→ Problem details
Below are entries. Give back exactly the lines from the one containing "バーバリー 腕時計 f-23528" through the one containing "Yeah Racing (#YA-0561)", inclusive, without the pictures.

BEGIN Dataset content

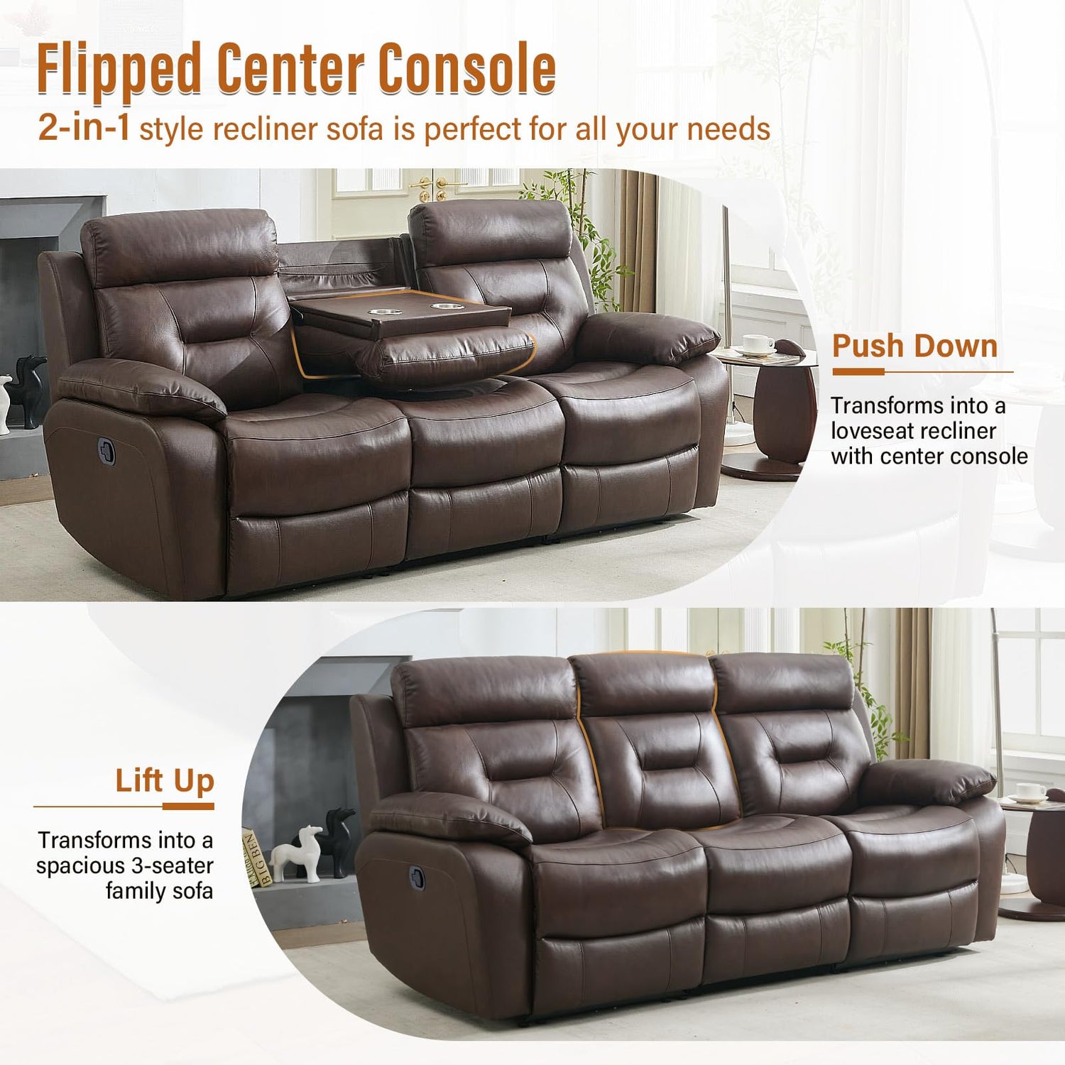 Msutree Genuine Leather Manual Reclining Sofa with Console, Oversized 3 Seater Reclining Chair, Top Grain Leather Recliner Sofa, Modern Couch for Living Room, with Drop-Down Table, Cupholders, Brown
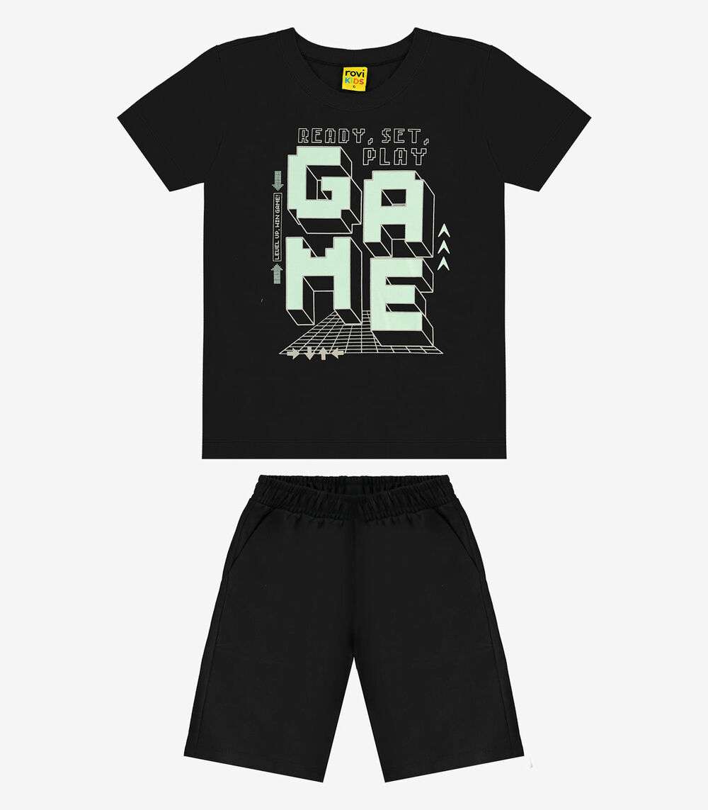 Conjunto Infantil Camiseta Com Bermuda Rovi kids Preto
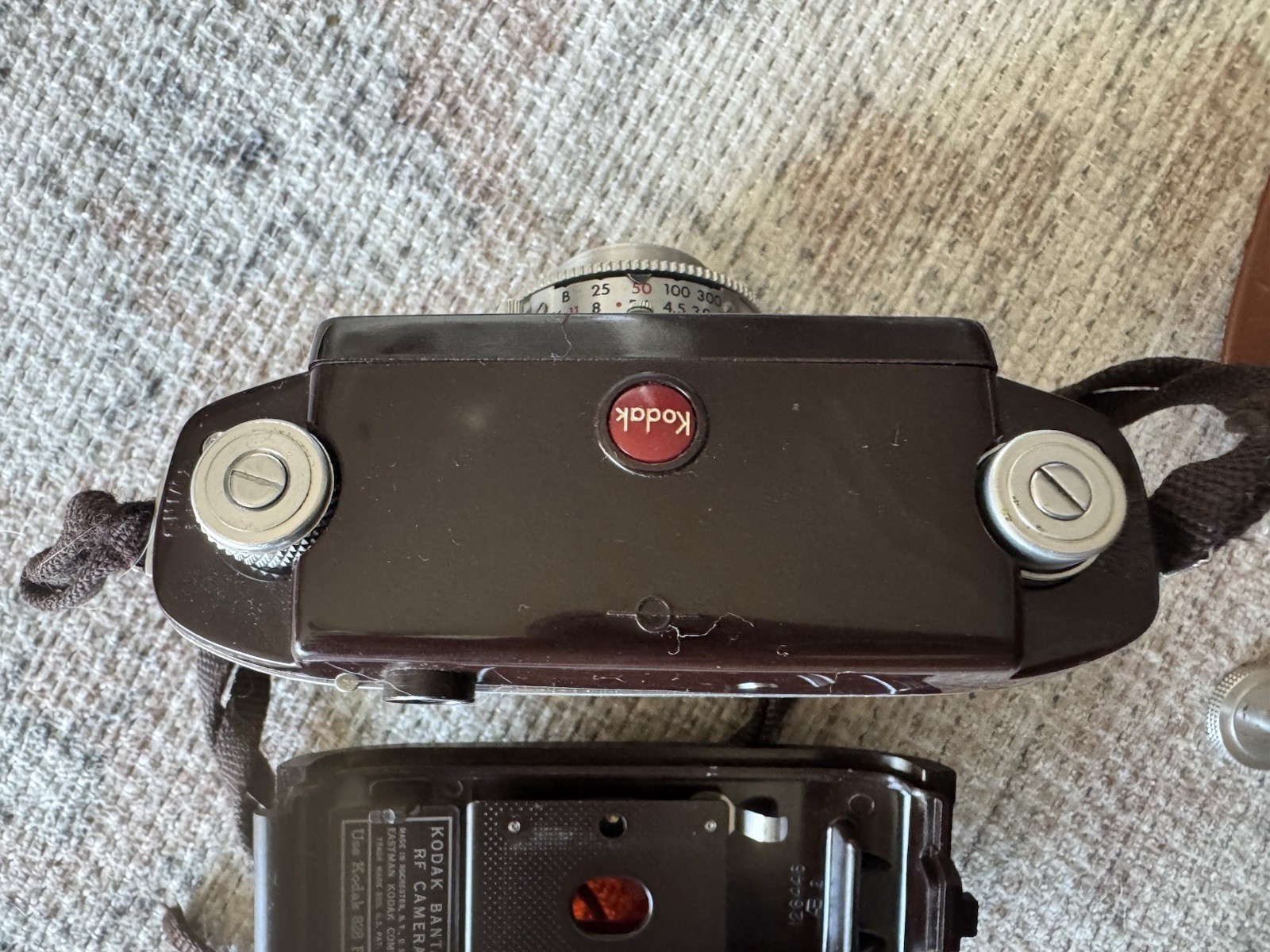 как выглядит Kodak Bantam RF Camera W/ Leather Carrying Case Vintage 1950s Flash 300 Shutter фото
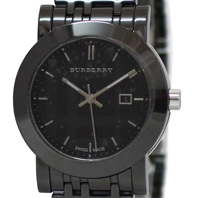 バーバリー 腕時計 f-23528 ブラック ヘリテージチェック BU1871 美品 時計 セラミック SS 中古 クオーツ BURBERRY レディース ヘリテージブレス 電池式 黒文字盤 日付 QZ 黒 女性 定番 人気 シンプル ウォッチ アナログ 黒文字盤 箱付き ブランド 本物 鑑定済
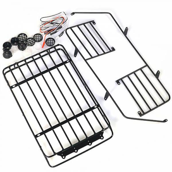 Yeah Racing (#YA-0561) Metal Roll Cage w /Luggage Tray White Led Light For Jeep Wrangler Body - багажник на крышу для трофи моделей в масштабе 1/10.
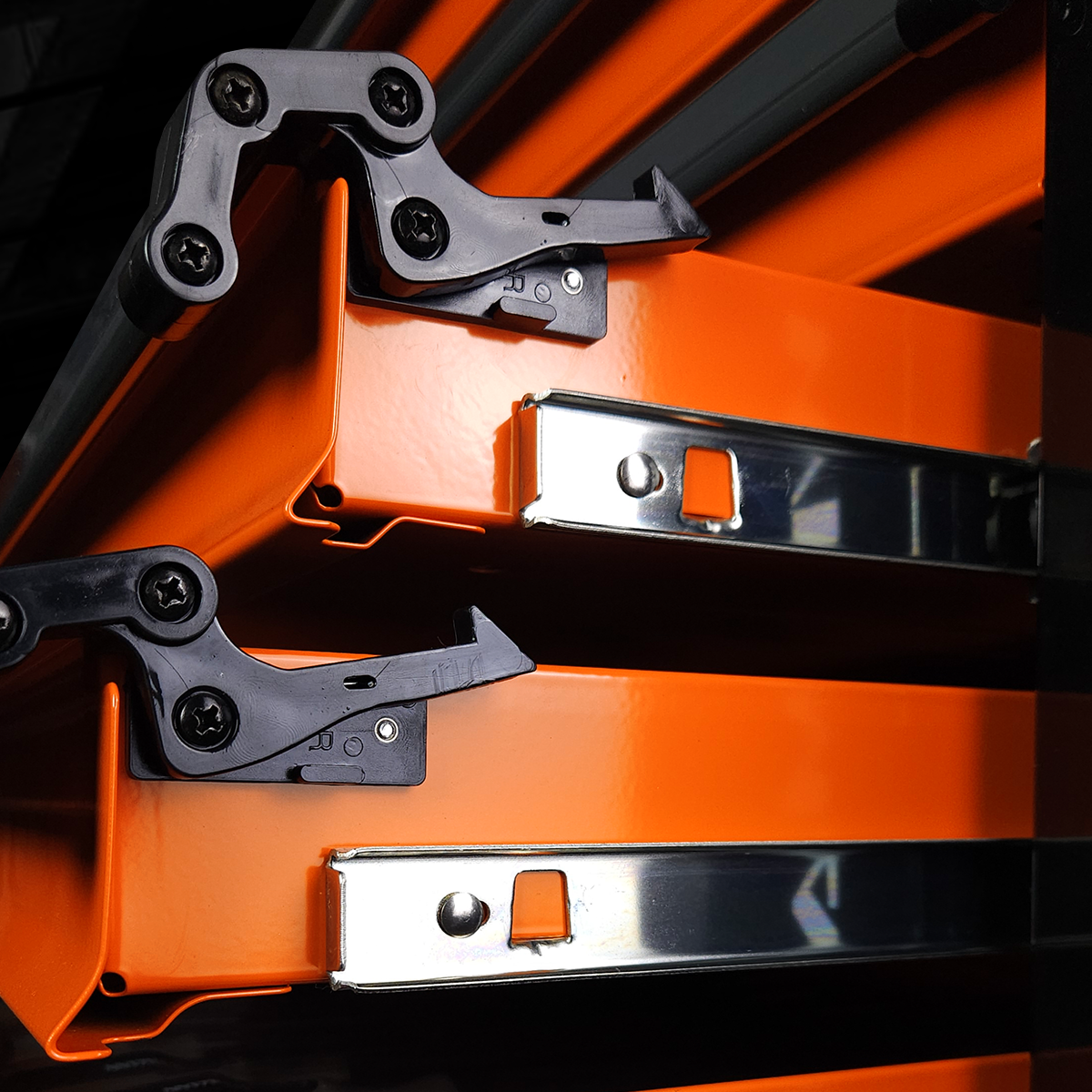 Dzięki zintegrowanemu zamkowi wszystkie 7 szuflad można zablokować jednocześnie, co zapobiega ich przypadkowemu otwarciu podczas przemieszczania szafki. Solidny, stalowy blat roboczy pozwala na wygodne odkładanie często używanych narzędzi. Konstrukcja o podwójnych ściankach, wzmocnienia korpusu oraz prowadnice kulkowe zapewniają płynne i trwałe działanie szuflad.
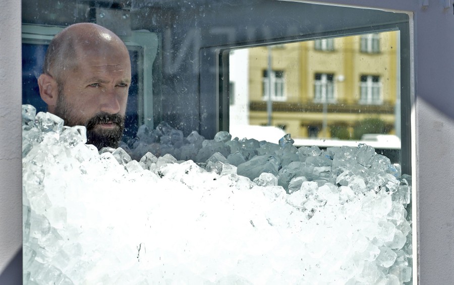Read moreAustrian ice swimmer Josef Koeberl stands in a box filled with ice cubes during his world record attempt of "Longest Duration Full Body Contact With Ice" in Vienna, Austria, on August 10, 2019. #
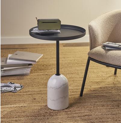 Материалы: столешница и ножка – сталь, основание – мрамор. Максимальная нагрузка - 15 кг. Диаметр: 40 см. Высота: 59 см. Цвет: черный/белый.
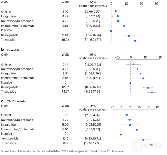 55个比较的网络Meta分析显示,与安慰剂相比,所有药物显示出统计学上显著更高的TBWL%,司美格鲁肽和替尔泊肽的TBWL%估计值>10%。
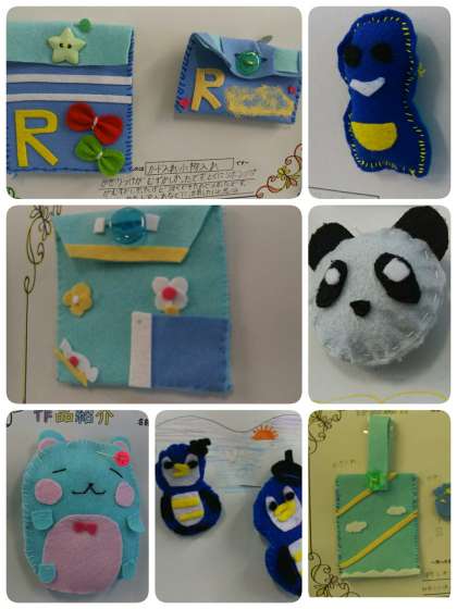 ペンケース・マスコット・ティッシュカバーなど、かわいい作品が教室の掲示板をにぎやかにします。

END Dataset content

→ Result of this task
 バーバリー 腕時計 f-23528 ブラック ヘリテージチェック BU1871 美品 時計 セラミック SS 中古 クオーツ BURBERRY レディース ヘリテージブレス 電池式 黒文字盤 日付 QZ 黒 女性 定番 人気 シンプル ウォッチ アナログ 黒文字盤 箱付き ブランド 本物 鑑定済
 Yeah Racing (#YA-0561) Metal Roll Cage w /Luggage Tray White Led Light For Jeep Wrangler Body - багажник на крышу для трофи моделей в масштабе 1/10.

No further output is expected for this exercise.